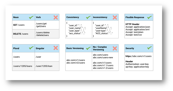 APIs should be well architectured in the early stage as not only will it affect their ease of use by API consumers, it also relates to future scalability and extensibility. Some general fashions one may follow are listed below, and there are other valuable resources available on the web [4] [5]. We may also reference other big brands when designing the APIs, like Google [6], Dropbox [7] or Instructure Canvas [8].
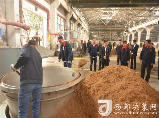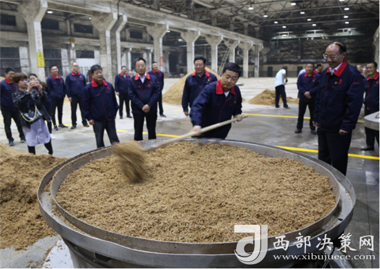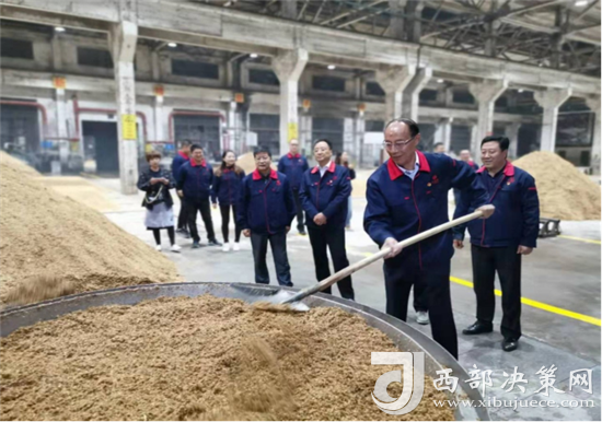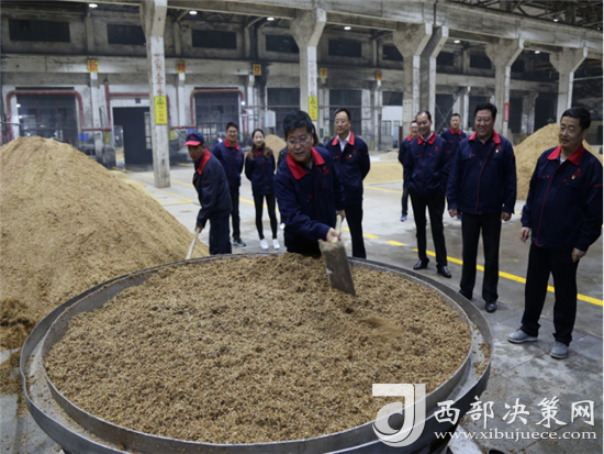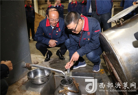 西鳳集團(tuán)公司領(lǐng)導(dǎo)班子成員還詳細(xì)查看了窖池發(fā)酵情況,現(xiàn)場(chǎng)和工人師傅們一起裝甑餾酒,為大家鼓勁加油!
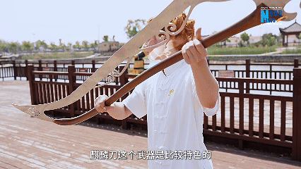 麒麟刀是傳統器械的一種,屬于長兵器,全套動作以劈、砍、斬、撩、掛、挑、勻、掃為主。在可欣的眼中,麒麟刀很大也很重,但動作有氣勢,在習練過程中體會到了中華傳統武術的精神和魅力。
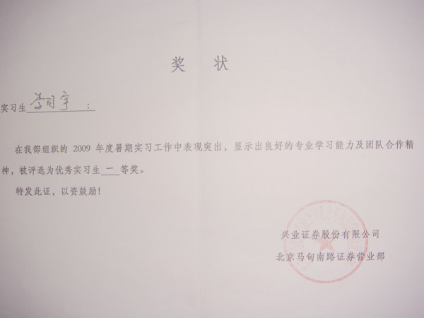 8月28日,兴业证券公司为经管学院第一批实习生颁发了奖状和奖金,还为每位同学写了实习鉴定。兴业证券公司作为经管学院教学实践基地,对实习生严格要求、从严管理。实习生也提前体会到了“上班族”的辛苦。尽管如此,实习生做到了认真负责、吃苦耐劳。谈到这次实习,同学们普遍反映在证券业务实践中,接触了社会、开阔了视野、学到了知识。兴业证券公司也高度评价经管学院的实习同学,特此表彰这批实习生。
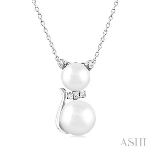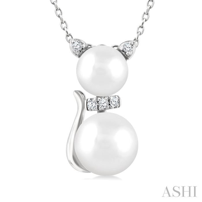 (319) 752-31966&7 MM Cultured Pearl and 1/20 Ctw Single Cut Diamond Cat Shape Petite Fashion Pendant With Chain in 10K White Gold
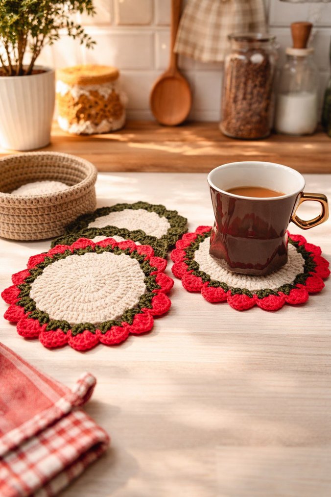 Bohem tarzı, kırmızı ve yeşil kenarları olan yuvarlak örgü kahve altlıkları, el yapımı şıklık katıyor ☕. 4 lü ve saklısı, saksı içerisinde çiçek desenli saklanır.
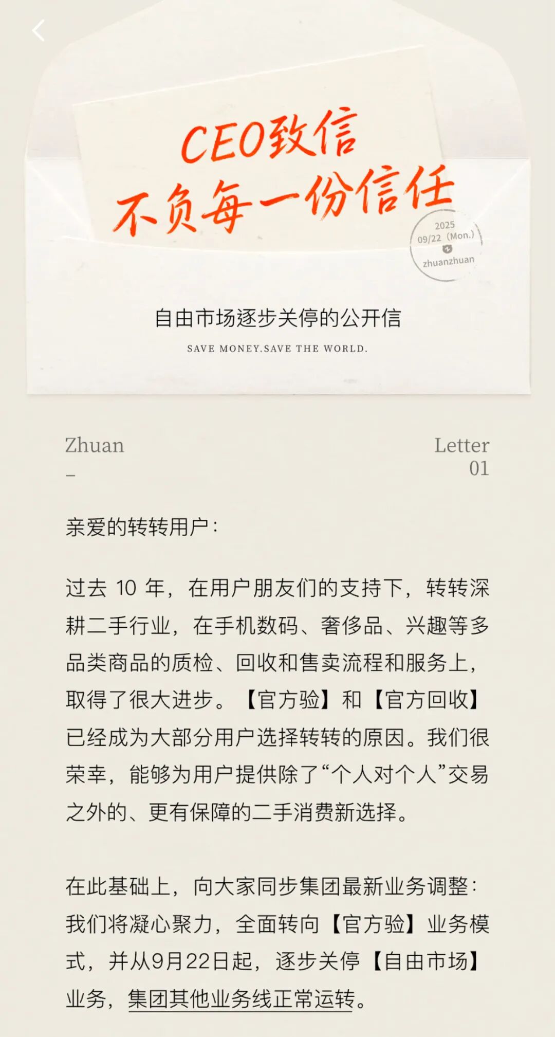 9月22日,轉(zhuǎn)轉(zhuǎn)集團(tuán)官方宣布,將逐漸關(guān)停旗下“自由市場(chǎng)”,即C2C業(yè)務(wù),轉(zhuǎn)而全力聚焦二手“官方驗(yàn)”業(yè)務(wù)模式。這個(gè)曾讓轉(zhuǎn)轉(zhuǎn)起家的業(yè)務(wù),最終以GMV占比不足3%的姿態(tài)謝幕。
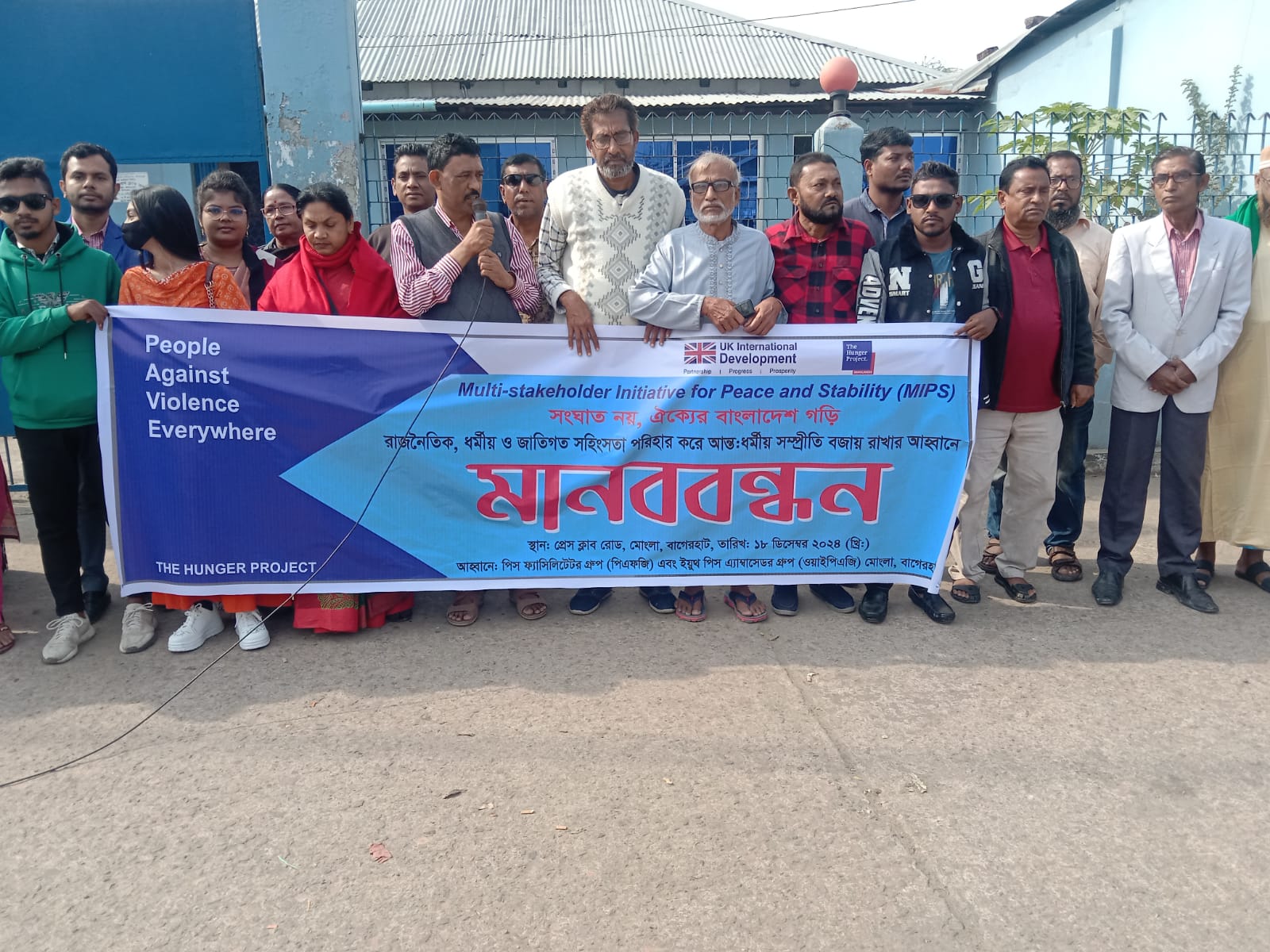 বুধবার (১৮ ডিসেম্বার ) সকালে বাগেরহাটের মোংলা প্রেসক্লাবের সমানে মানববন্ধনে এমন দাবি জানানো হয় । তারা বলেন, একটি শান্তিপূর্ণ, সমৃদ্ধ ও গণতান্ত্রিক বাংলাদেশ গড়ে তোলার আহ্বানে সংঘাত নয়-ঐক্যের বাংলাদেশ গড়ি, সহিংসতা বন্ধ করি, সম্প্রীতির বাংলাদেশ গড়ি, সম্প্রীতির পথে, এগিয়ে চলি একসাথে, ধর্মীয় সম্প্রীতি বজায় রাখি, শান্তি ও সম্প্রীতির বাংলাদেশ গড়ি, গণতান্ত্রিক চেতনা লালন করি, শান্তি ও সম্প্রীতির বাংলাদেশ গড়ি উপরোক্ত শ্লোগানের আলোকে দি হাঙ্গার প্রজেক্ট বাংলাদেশ ও এমআইপিএস প্রকেল্পের সহযোগিতায় এবং পিস ফ্যাসিলিটেটর গ্রুপ (পিএফজি) এবং ইযৃথ পিস এ্যাম্বাসেডর গ্রুপ (ওয়াইপিএজি) আয়োজিত মানববন্ধন কর্মসূচি উদযাপন করা হয়।

-------------------------

Exercise brief: Nothing but the lines from the one holding "(319) 752-31966&7 MM" through the last line of the listing should appear in the answer, copied exactly and without pictures.

Answer to this task:
 (319) 752-31966&7 MM Cultured Pearl and 1/20 Ctw Single Cut Diamond Cat Shape Petite Fashion Pendant With Chain in 10K White Gold
 Bohem tarzı, kırmızı ve yeşil kenarları olan yuvarlak örgü kahve altlıkları, el yapımı şıklık katıyor ☕. 4 lü ve saklısı, saksı içerisinde çiçek desenli saklanır.
 9月22日,轉(zhuǎn)轉(zhuǎn)集團(tuán)官方宣布,將逐漸關(guān)停旗下“自由市場(chǎng)”,即C2C業(yè)務(wù),轉(zhuǎn)而全力聚焦二手“官方驗(yàn)”業(yè)務(wù)模式。這個(gè)曾讓轉(zhuǎn)轉(zhuǎn)起家的業(yè)務(wù),最終以GMV占比不足3%的姿態(tài)謝幕。
 বুধবার (১৮ ডিসেম্বার ) সকালে বাগেরহাটের মোংলা প্রেসক্লাবের সমানে মানববন্ধনে এমন দাবি জানানো হয় । তারা বলেন, একটি শান্তিপূর্ণ, সমৃদ্ধ ও গণতান্ত্রিক বাংলাদেশ গড়ে তোলার আহ্বানে সংঘাত নয়-ঐক্যের বাংলাদেশ গড়ি, সহিংসতা বন্ধ করি, সম্প্রীতির বাংলাদেশ গড়ি, সম্প্রীতির পথে, এগিয়ে চলি একসাথে, ধর্মীয় সম্প্রীতি বজায় রাখি, শান্তি ও সম্প্রীতির বাংলাদেশ গড়ি, গণতান্ত্রিক চেতনা লালন করি, শান্তি ও সম্প্রীতির বাংলাদেশ গড়ি উপরোক্ত শ্লোগানের আলোকে দি হাঙ্গার প্রজেক্ট বাংলাদেশ ও এমআইপিএস প্রকেল্পের সহযোগিতায় এবং পিস ফ্যাসিলিটেটর গ্রুপ (পিএফজি) এবং ইযৃথ পিস এ্যাম্বাসেডর গ্রুপ (ওয়াইপিএজি) আয়োজিত মানববন্ধন কর্মসূচি উদযাপন করা হয়।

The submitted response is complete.